ISMAIL HANIYEH, Prime Minister, Palestinian National Authority (through translator): The Palestinian people -- Fatah, Hamas, and all the factions -- God willing, will prove to the sons of the Arab nation that they are able to undertake this responsibility, they will protect this agreement, will be committed to implementing it. It will have positive effects on our people.
RAY SUAREZ: Several cease-fires between Fatah and Hamas have been declared, including one today, but so far they`ve not held for more than a few hours.
Now some analysis of what`s behind the strife in Gaza.
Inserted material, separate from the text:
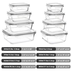- ?Conjunto de 8 recipientes de armazenamento de vidro?Retângulo (995 g)+(612 g)+(354 g)+(142 g); quadrado (768 g)+(499 g)+(306 g)+(192 g); recipientes grandes e pequenos são versáteis para diferentes utilizações: comida de preparação de refeições, sobras, molho, almoço para viagem, trailer, piquenique, acampamento.

We get that from Rafi Dajani, executive director of the American Task Force on Palestine, a nonpartisan organization in Washington that advocates a two- state solution to the Israeli-Palestinian conflict.
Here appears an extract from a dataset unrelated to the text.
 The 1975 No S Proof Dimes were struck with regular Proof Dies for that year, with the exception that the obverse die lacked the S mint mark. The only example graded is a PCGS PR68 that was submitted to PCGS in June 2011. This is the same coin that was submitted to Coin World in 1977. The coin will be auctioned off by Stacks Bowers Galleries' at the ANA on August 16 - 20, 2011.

And Oliver McTernan, director of Forward Thinking, a British nongovernmental organization that promotes conflict resolution in the U.K. and the Middle East. He`s in Washington after meetings with Hamas and Fatah officials in the Middle East.
Rafi Dajani, the truces that have been called have, you know, lasted merely hours before the killing goes on unabated. What are Hamas and Fatah fighting each other about?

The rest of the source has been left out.